Print all entries below exactly, without images.

> [DATA]:
########################################
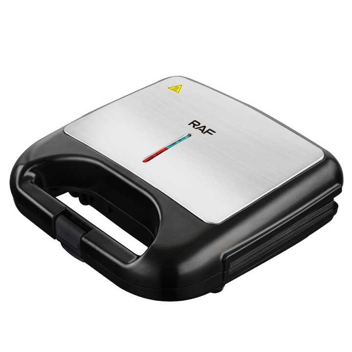 Savurează preparate delicioase și crocante cu Sandwich Maker-ul Tip Grill RAF, un aparat compact și eficient, ideal pentru mese rapide și gustoase. Cu o putere de 750W și plăci antiaderente, acest aparat aduce confort și versatilitate în bucătăria ta.
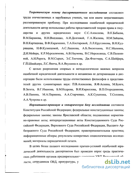 С целью разрешения спорных и методологически важных вопросов ошибочной юридической деятельности и механизма ее детерминации в диссертации были использованы труды отечественных философов и представителей других гуманитарных наук: П.В.Алексеева, Я.Ф.Аскина, М.Бунге, В.Зегета, В.Г.Иванова, Б.М.Кедрова, В.И.Кириллова, В.П.Огородникова, А.В.Панина, М.А.Парнюка, А.А.Старченко, А.К.Сухотина, Т.Селлина, А.А.Чупрова и др.
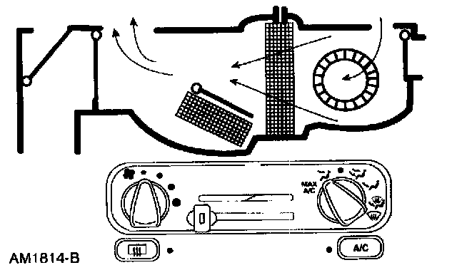 ^ The temperature control knob setting will determine the amount of air that is directed through the heater core and the amount that bypasses the heater core.
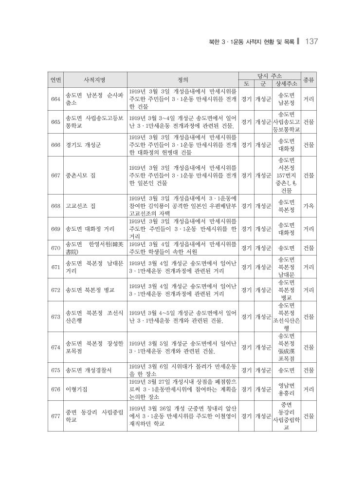 북한 3·1운동 사적지 현황 및 목록❙ 137 연번 사적지명 정의 당시 주소 종류 도 군 상세주소 664 송도면 남본정 순사파 출소 1919년 3월 3일 개성읍내에서 만세시위를 주도한 주민들이 3·1운동 만세시위를 전개 한 건물 경기 개성군 송도면 남본정 거리 665 송도면 사립송도고등보 통학교 1919년 3월 3~4일 개성군 송도면에서 일어 난 3·1만세운동 전개과정에 관련된 건물. 경기 개성군 송도면 사립송도고 등보통학교 건물 666 경기도 개성군 1919년 3월 3일 개성읍내에서 만세시위를 주도한 주민들이 3·1운동 만세시위를 전개 한 대화정의 헌병대 건물 경기 개성군 송도면 대화정 건물 667 중촌시모 집 1919년 3월 3일 개성읍내에서 만세시위를 주도한 주민들이 3·1운동 만세시위를 전개 한 일본인 건물 경기 개성군 송도면 서본정 157번지 중촌しも 건물 건물 668 고교선조 집 1919년 3월 3일 개성읍내에서 3·1운동에 참여한 김익룡이 공격한 일본인 우편배달부 고교선조의 자택 경기 개성군 송도면 북본정 가옥 669 송도면 대화정 거리 1919년 3월 3일 개성읍내에서 만세시위를 주도한 주민들이 3·1운동 만세시위를 한 거리 경기 개성군 송도면 대화정 거리 670 송도면 한영서원(韓英 書院) 1919년 3월 4일 개성읍내에서 만세시위를 주도한 학생들이 속한 서원 경기 개성군 송도면 건물 671 송도면 북본정 남대문 거리 1919년 3월 4일 개성군 송도면에서 일어난 3·1만세운동 전개과정에 관련된 거리 경기 개성군 송도면 북본정 남대문 거리 672 송도면 북본정 병교 1919년 3월 4일 개성군 송도면에서 일어난 3·1만세운동 전개과정에 관련된 거리 경기 개성군 송도면 북본정 병교 거리 673 송도면 북본정 조선식 산은행 1919년 3월 4~5일 개성군 송도면에서 일어 난 3·1만세운동 전개와 관련된 건물. 경기 개성군 송도면 북본정 조선식산은 행 건물 674 송도면 북본정 장성한 포목점 1919년 3월 5일 개성군 송도면에서 일어난 3·1만세운동 전개와 관련된 건물. 경기 개성군 송도면 북본정 張成漢 포목점 건물 675 송도면 개성경찰서 1919년 3월 6일 시위대가 몰려가 만세운동 을 한 장소 경기 개성군 송도면 건물 676 이형기집 1919년 3월 27일 개성시내 상점을 폐점함으 로써 3·1운동만세시위에 참여하는 계획을 논의한 장소 경기 개성군 영남면 용흥리 거리 677 중면 동강리 사립중립 학교 1919년 3월 26일 개성 군중면 창내리 앞산 에서 3·1운동 만세시위를 주도한 이철영이 재직하던 학교 경기 개성군 중면 동강리 사립중립학 교 건물
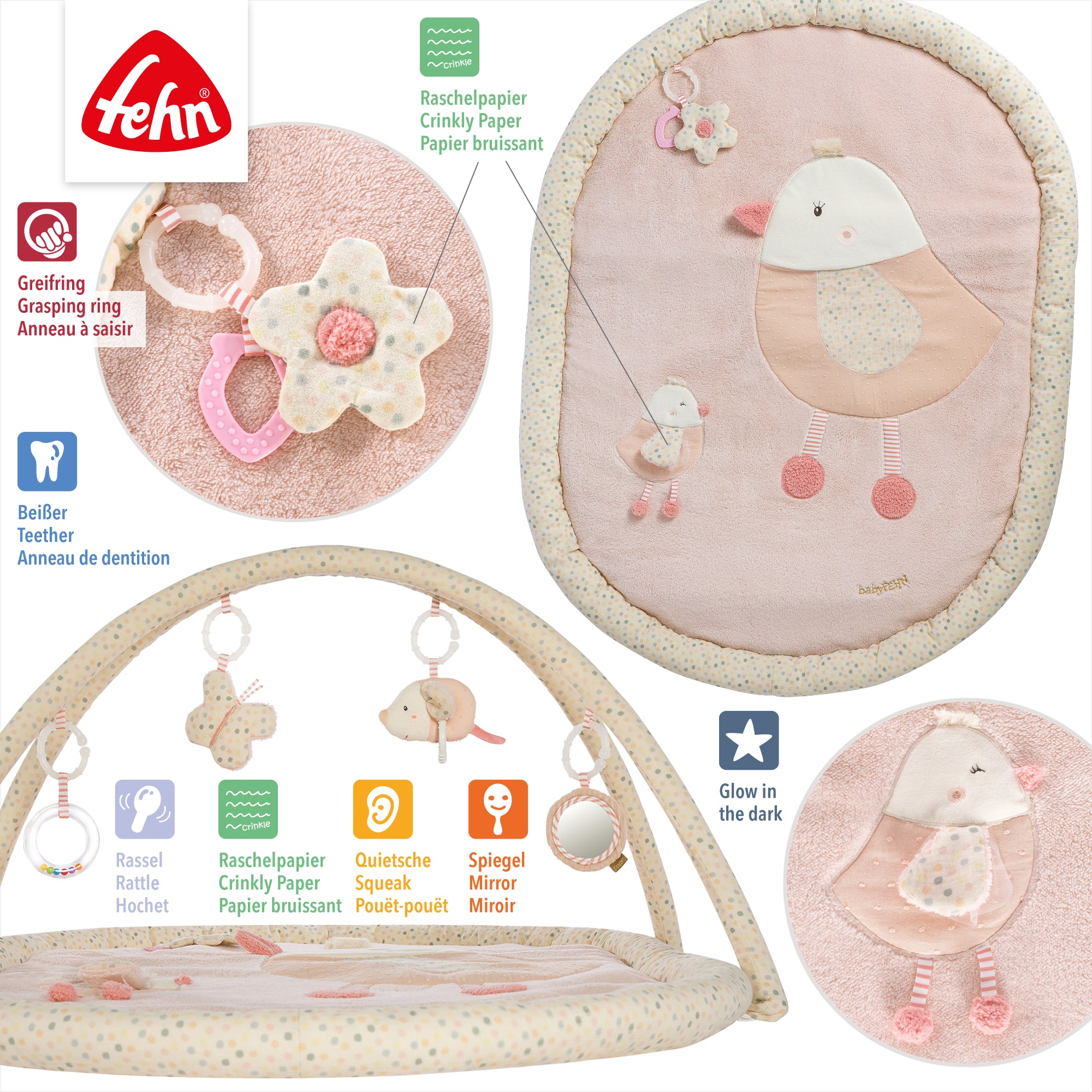 • mit Raschelpapier, Quietsche, Rasselring, Softbeißer, Greifring, Spiegel, Materialmix & „Glow-in-the-dark“ Bestickung
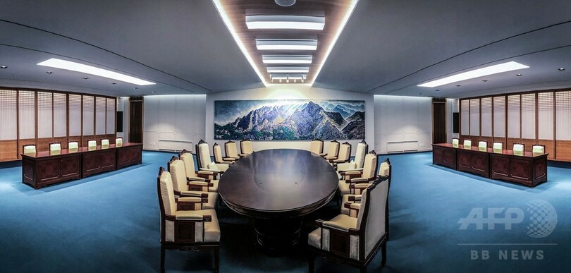 【4月25日 AFP】韓国大統領府(青瓦台、Blue House)は25日、目前に控えた南北首脳会談の会場となる施設の写真を公開した。軍事境界線上の板門店(Panmunjom)にある施設の椅子には、日韓両国が領有権を主張する竹島(Takeshima、韓国名・独島、Dokdo)が描かれている。
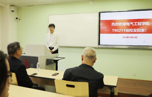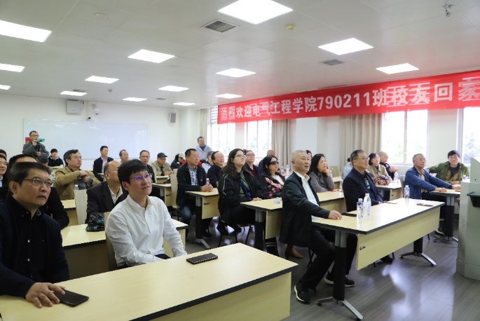 肖先勇院长代表学院热烈欢迎79级学长们回家,他简要介绍了学院近年来在学科建设、科学研究、人才培养和队伍建设等方面取得的成绩。他说,正是在学院全体师生的共同努力和广大校友的大力支持下,使电气学院有了今天的快速发展。当前,学院正处在全面加快高质量内涵式发展的新阶段,希望校友们能够一如既往地关心和支持学院发展,为学院发展汇聚更多的资源。
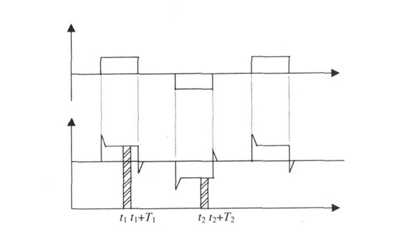 污水處理廢水流量計一般都采用工頻交流電源供電, 其電源電壓的幅值和頻率的變化都會給污水處理廢水流量計帶來電源性干擾噪聲。對電源電壓的幅值變化, 因采用多級集成穩壓, 一般而言電源電壓的幅值變化對電磁流量的測量精度影響不大。當電源電壓的頻率波動時, 雖然其波動范圍有限, 但對污水處理廢水流量計測量精度影響較大。為了解決工頻干擾問題, 實現對流體流速感應電勢eab信號的準確測量, 需利用以下基本關系:①勵磁周期為工頻周期的整數倍, 即勵磁頻率為50/nHz(n為偶數);②正負勵磁下的同相位采樣。圖2是對應低頻矩形波勵磁形式下的典型電勢信號形式, 按上述關系在一個勵磁周期下, 若假設t1 和t2 點為工頻干擾的等效干擾點, 且采樣寬度T=T1 =T2 , 則eab的基本算式為:
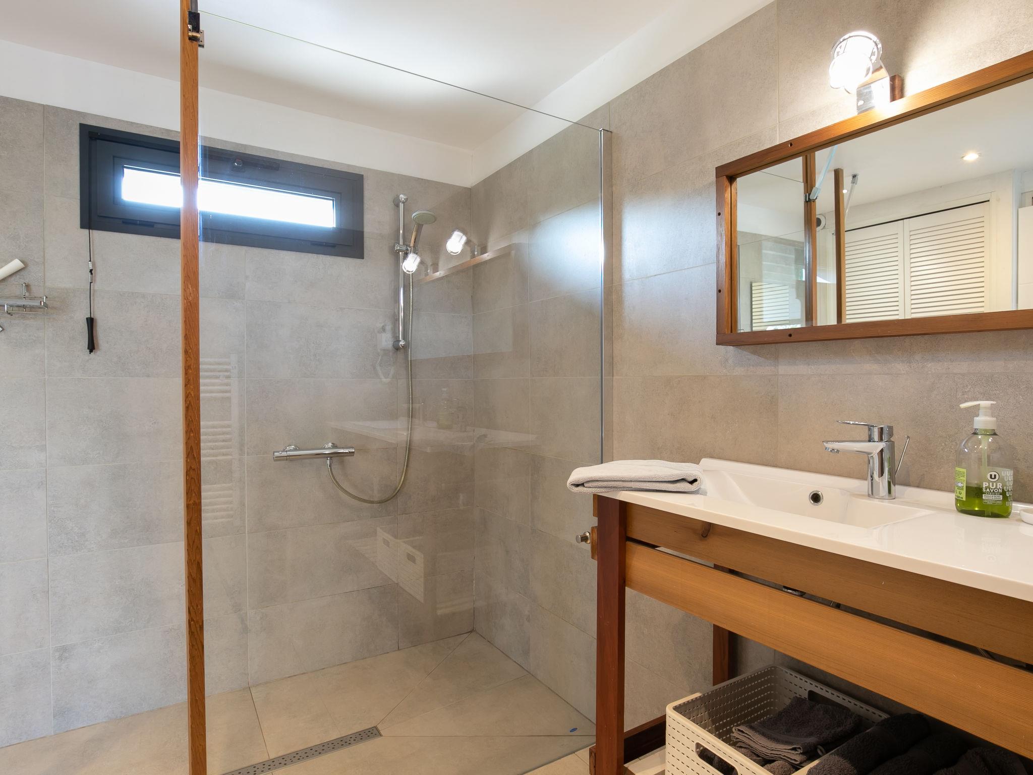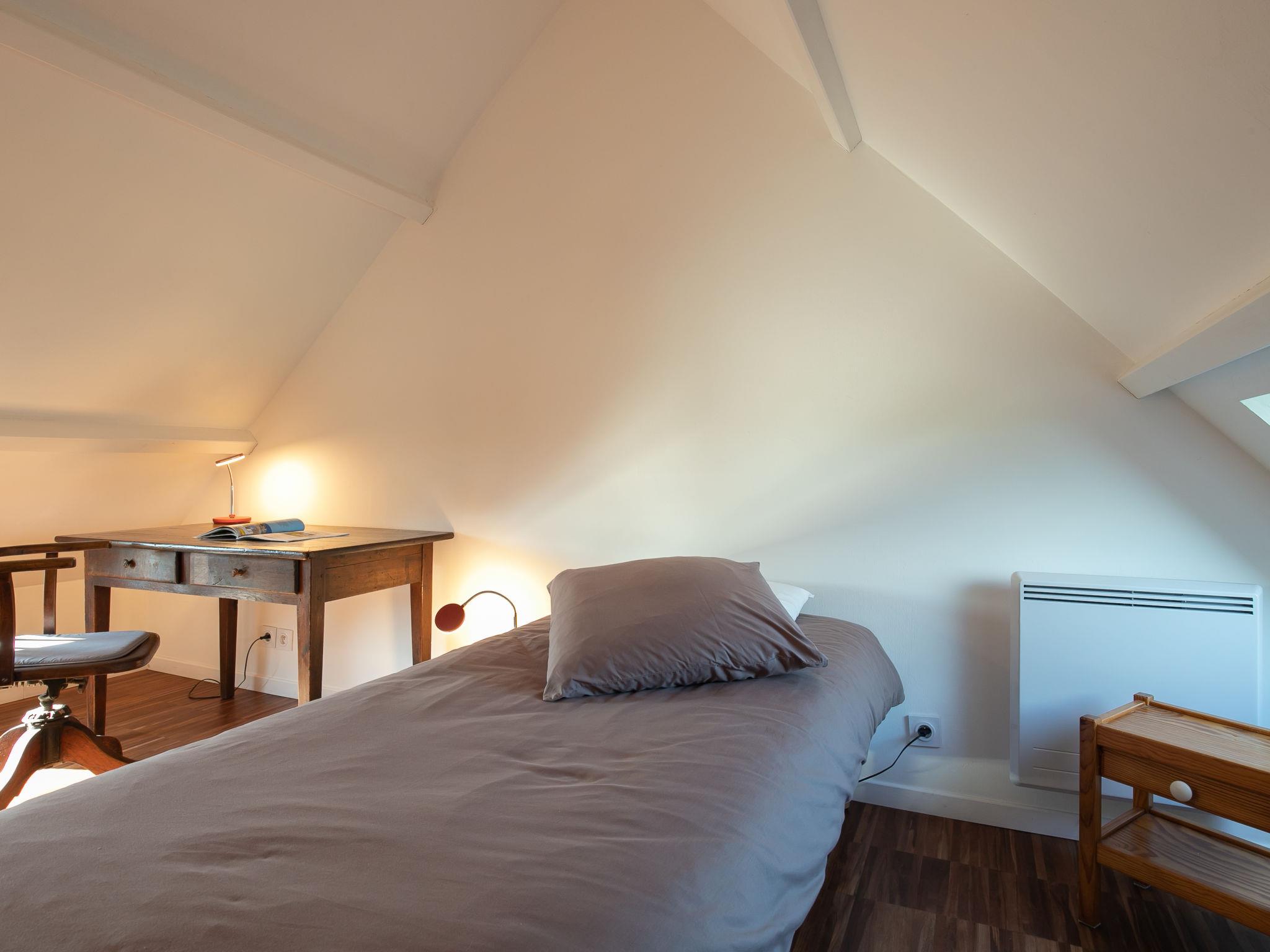 "L'Atelier", 3-room house 65 m2 on 2 levels. Bright, modern and stylish furnishings: open living/dining room with dining table, satellite TV and international TV channels. Exit to the garden, to the terrace. Open kitchen (oven, dishwasher, 4 induction hot plates, microwave, electric coffee machine, Capsules for coffee machine (Senseo) extra). Shower/WC, double hand-basin. Upper floor: 1 room with sloping ceilings with 1 double bed (2 x 90 cm, length 200 cm). 1 room with sloping ceilings with 1 bed (90 cm, length 190 cm). Sep. WC. Solar energy heating. Wooden floors. Terrace. Terrace furniture, barbecue (portable), deck chairs (2). View of the sea and the garden. Facilities: washing machine, dryer, iron, children's high chair, baby cot, hair dryer. Internet (WiFi, free). Please note: non-smoking house. Smoke alarm.
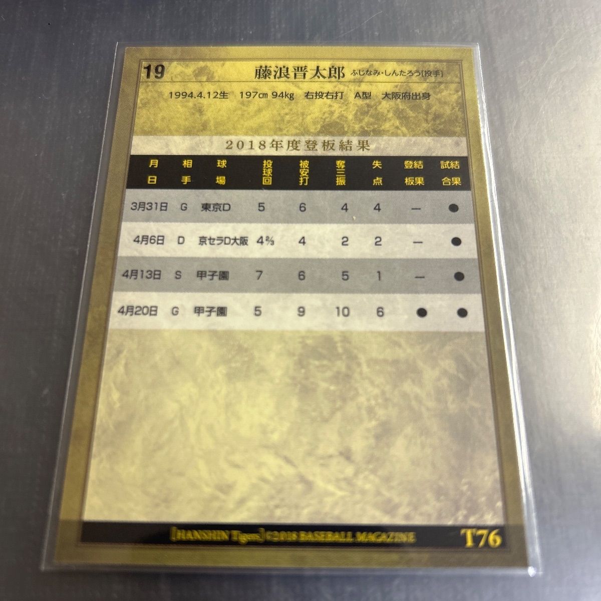 BBM 2018 阪神タイガース Tigers Starters 藤浪晋太郎 T76
########################################
> [TASK SOLUTION]:
 Savurează preparate delicioase și crocante cu Sandwich Maker-ul Tip Grill RAF, un aparat compact și eficient, ideal pentru mese rapide și gustoase. Cu o putere de 750W și plăci antiaderente, acest aparat aduce confort și versatilitate în bucătăria ta.
 С целью разрешения спорных и методологически важных вопросов ошибочной юридической деятельности и механизма ее детерминации в диссертации были использованы труды отечественных философов и представителей других гуманитарных наук: П.В.Алексеева, Я.Ф.Аскина, М.Бунге, В.Зегета, В.Г.Иванова, Б.М.Кедрова, В.И.Кириллова, В.П.Огородникова, А.В.Панина, М.А.Парнюка, А.А.Старченко, А.К.Сухотина, Т.Селлина, А.А.Чупрова и др.
 ^ The temperature control knob setting will determine the amount of air that is directed through the heater core and the amount that bypasses the heater core.
 북한 3·1운동 사적지 현황 및 목록❙ 137 연번 사적지명 정의 당시 주소 종류 도 군 상세주소 664 송도면 남본정 순사파 출소 1919년 3월 3일 개성읍내에서 만세시위를 주도한 주민들이 3·1운동 만세시위를 전개 한 건물 경기 개성군 송도면 남본정 거리 665 송도면 사립송도고등보 통학교 1919년 3월 3~4일 개성군 송도면에서 일어 난 3·1만세운동 전개과정에 관련된 건물. 경기 개성군 송도면 사립송도고 등보통학교 건물 666 경기도 개성군 1919년 3월 3일 개성읍내에서 만세시위를 주도한 주민들이 3·1운동 만세시위를 전개 한 대화정의 헌병대 건물 경기 개성군 송도면 대화정 건물 667 중촌시모 집 1919년 3월 3일 개성읍내에서 만세시위를 주도한 주민들이 3·1운동 만세시위를 전개 한 일본인 건물 경기 개성군 송도면 서본정 157번지 중촌しも 건물 건물 668 고교선조 집 1919년 3월 3일 개성읍내에서 3·1운동에 참여한 김익룡이 공격한 일본인 우편배달부 고교선조의 자택 경기 개성군 송도면 북본정 가옥 669 송도면 대화정 거리 1919년 3월 3일 개성읍내에서 만세시위를 주도한 주민들이 3·1운동 만세시위를 한 거리 경기 개성군 송도면 대화정 거리 670 송도면 한영서원(韓英 書院) 1919년 3월 4일 개성읍내에서 만세시위를 주도한 학생들이 속한 서원 경기 개성군 송도면 건물 671 송도면 북본정 남대문 거리 1919년 3월 4일 개성군 송도면에서 일어난 3·1만세운동 전개과정에 관련된 거리 경기 개성군 송도면 북본정 남대문 거리 672 송도면 북본정 병교 1919년 3월 4일 개성군 송도면에서 일어난 3·1만세운동 전개과정에 관련된 거리 경기 개성군 송도면 북본정 병교 거리 673 송도면 북본정 조선식 산은행 1919년 3월 4~5일 개성군 송도면에서 일어 난 3·1만세운동 전개와 관련된 건물. 경기 개성군 송도면 북본정 조선식산은 행 건물 674 송도면 북본정 장성한 포목점 1919년 3월 5일 개성군 송도면에서 일어난 3·1만세운동 전개와 관련된 건물. 경기 개성군 송도면 북본정 張成漢 포목점 건물 675 송도면 개성경찰서 1919년 3월 6일 시위대가 몰려가 만세운동 을 한 장소 경기 개성군 송도면 건물 676 이형기집 1919년 3월 27일 개성시내 상점을 폐점함으 로써 3·1운동만세시위에 참여하는 계획을 논의한 장소 경기 개성군 영남면 용흥리 거리 677 중면 동강리 사립중립 학교 1919년 3월 26일 개성 군중면 창내리 앞산 에서 3·1운동 만세시위를 주도한 이철영이 재직하던 학교 경기 개성군 중면 동강리 사립중립학 교 건물
 • mit Raschelpapier, Quietsche, Rasselring, Softbeißer, Greifring, Spiegel, Materialmix & „Glow-in-the-dark“ Bestickung
 【4月25日 AFP】韓国大統領府(青瓦台、Blue House)は25日、目前に控えた南北首脳会談の会場となる施設の写真を公開した。軍事境界線上の板門店(Panmunjom)にある施設の椅子には、日韓両国が領有権を主張する竹島(Takeshima、韓国名・独島、Dokdo)が描かれている。
 肖先勇院长代表学院热烈欢迎79级学长们回家,他简要介绍了学院近年来在学科建设、科学研究、人才培养和队伍建设等方面取得的成绩。他说,正是在学院全体师生的共同努力和广大校友的大力支持下,使电气学院有了今天的快速发展。当前,学院正处在全面加快高质量内涵式发展的新阶段,希望校友们能够一如既往地关心和支持学院发展,为学院发展汇聚更多的资源。
 污水處理廢水流量計一般都采用工頻交流電源供電, 其電源電壓的幅值和頻率的變化都會給污水處理廢水流量計帶來電源性干擾噪聲。對電源電壓的幅值變化, 因采用多級集成穩壓, 一般而言電源電壓的幅值變化對電磁流量的測量精度影響不大。當電源電壓的頻率波動時, 雖然其波動范圍有限, 但對污水處理廢水流量計測量精度影響較大。為了解決工頻干擾問題, 實現對流體流速感應電勢eab信號的準確測量, 需利用以下基本關系:①勵磁周期為工頻周期的整數倍, 即勵磁頻率為50/nHz(n為偶數);②正負勵磁下的同相位采樣。圖2是對應低頻矩形波勵磁形式下的典型電勢信號形式, 按上述關系在一個勵磁周期下, 若假設t1 和t2 點為工頻干擾的等效干擾點, 且采樣寬度T=T1 =T2 , 則eab的基本算式為:
 "L'Atelier", 3-room house 65 m2 on 2 levels. Bright, modern and stylish furnishings: open living/dining room with dining table, satellite TV and international TV channels. Exit to the garden, to the terrace. Open kitchen (oven, dishwasher, 4 induction hot plates, microwave, electric coffee machine, Capsules for coffee machine (Senseo) extra). Shower/WC, double hand-basin. Upper floor: 1 room with sloping ceilings with 1 double bed (2 x 90 cm, length 200 cm). 1 room with sloping ceilings with 1 bed (90 cm, length 190 cm). Sep. WC. Solar energy heating. Wooden floors. Terrace. Terrace furniture, barbecue (portable), deck chairs (2). View of the sea and the garden. Facilities: washing machine, dryer, iron, children's high chair, baby cot, hair dryer. Internet (WiFi, free). Please note: non-smoking house. Smoke alarm.
 BBM 2018 阪神タイガース Tigers Starters 藤浪晋太郎 T76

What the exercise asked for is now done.